My time at Veritas (in the Database Editions Group) was focused on the Oracle Disk Manager (ODM) Library implementation. Having an extensive background in Oracle internals, high-end SMPs and I/O performance enabled me to ensure the performance of the Veritas ODM library implementation. Most of my performance analysis was done on a 20-CPU Sun UE10K with 4 Fibre Channel HBAs. Those were pretty powerful systems and my responsibility was to hunt down opportunities for software optimization in the library and Solaris kernel side of the implementation. Generally that means critical code analysis. The problem is that locking issues are difficult to spot unless the processors are saturated—and it is very difficult to saturate processors with an I/O library without a formidable disk subsystem. Some may recall that this period of time in California’s Silicon Valley was being plagued by the “energy crisis” of the time. Companies were dealing with power cut-backs and rolling black-outs. It turned out that acquiring the 300+ hard disk drives to keep the 20-processor UE10K busy was just not going to happen. So, I got clever and partnered with a provider of Solid State Disk technology to augment the bit of regular SAN storage I had. Using this sort of storage in order to drive I/O-related code paths to the point of processor saturation proved to be a valuable methodology so I wrote a paper about the practice. The technology was fun to work with there, but I always appreciate even more the opportunity to get to know really good people and I am pleased to say that Peter Bestel was one of them! Veritas was rapidly changing with a new CEO on board, but even more so since the NASDAQ had just split open like a coconut. I was pleased to get a call from a group of former Sequent colleagues who were starting up PolyServe.
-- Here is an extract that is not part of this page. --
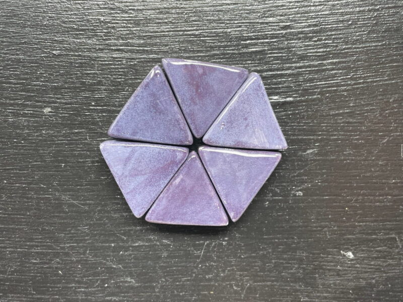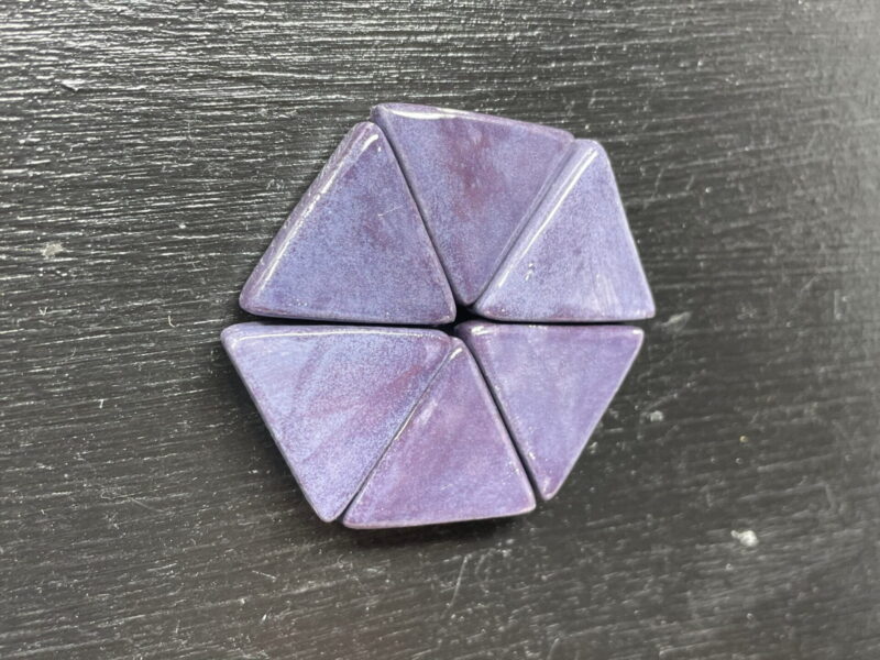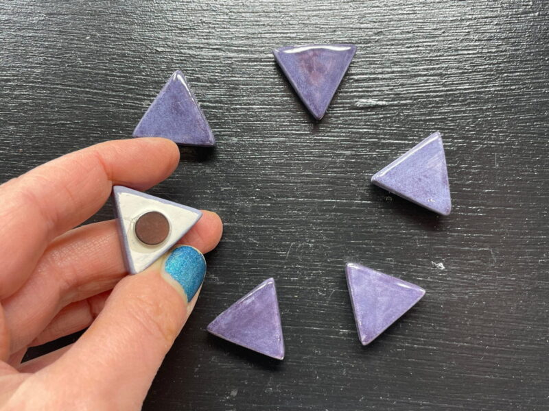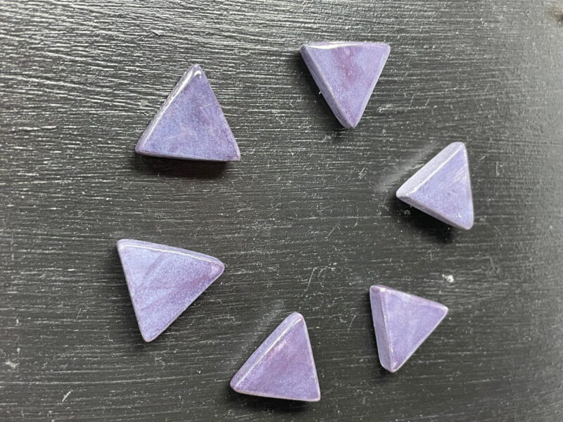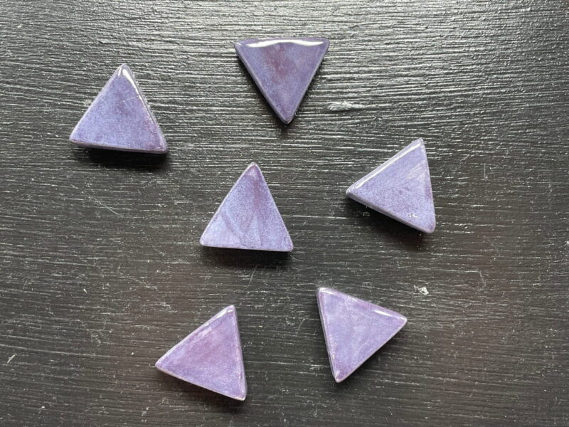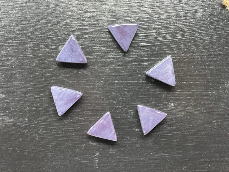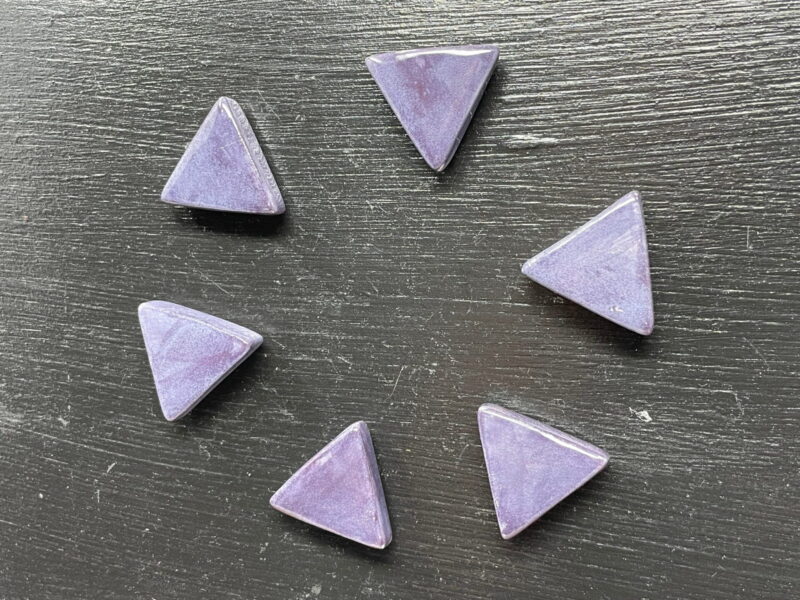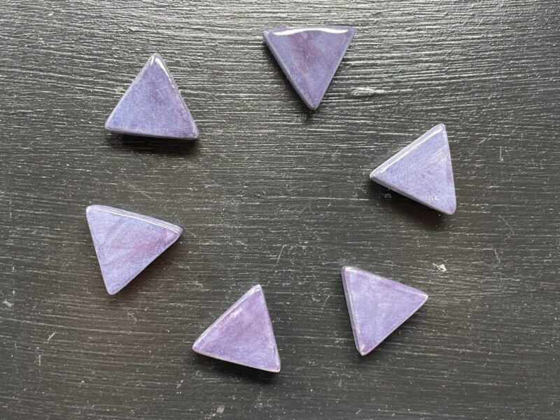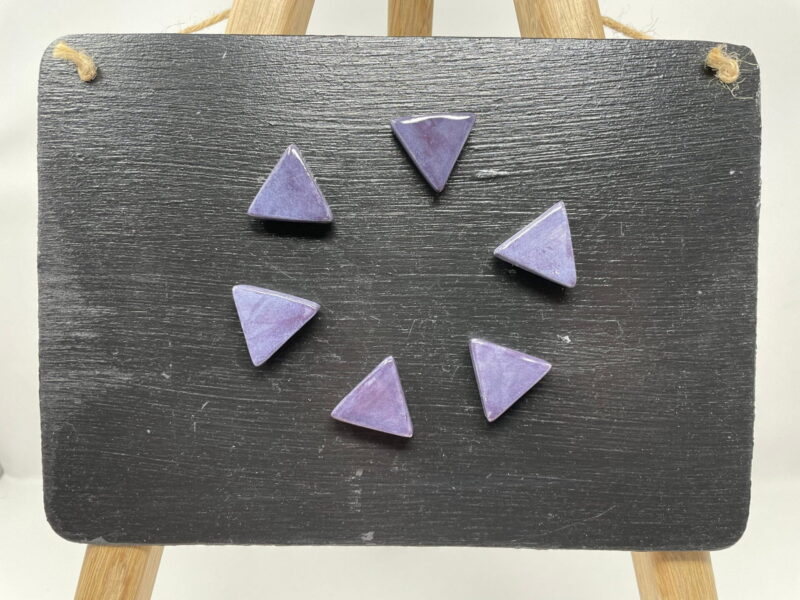 Introducing the Small Purple Ceramic Triangle Magnets Set! A fusion of artistry and functionality, these handmade fridge accessories are perfect for adding a pop of colour to your metal surfaces. Crafted from white clay, each piece is painted with underglaze in varying shades of purple, boasting a mosaic-like effect that's reminiscent of Halloween. The transparent glaze finish not only adds a glossy sheen but also ensures longevity. These purple triangle magnets are versatile – they're splendid on a notice board, the fridge, or any magnetisable metal surface. This set of six ensures you have enough to scatter around your home or office. The small size keeps them subtle yet impactful. Make every day feel like Halloween with these ceramic triangle-shaped fridge magnets!

In 2001, I joined PolyServe as the Chief Architect of Oracle Solutions leading the effort to get the PolyServe clustering product suite fit for Oracle. That meant getting direct I/O worked out, implementing an ODM library for optimized Oracle I/O and later a failover HA solution for PolyServe customers not running Real Application Clusters—all with correctness, and high performance.

That brings us to now…

6 Responses to “About”


  1. 1 Andy C October 19, 2006 at 4:42 pm

    Kevin,

    I used to work for Sequent using Oracle on NUMA-Q and now work for Oracle (ex-Siebel) so very interested to see your blog appear.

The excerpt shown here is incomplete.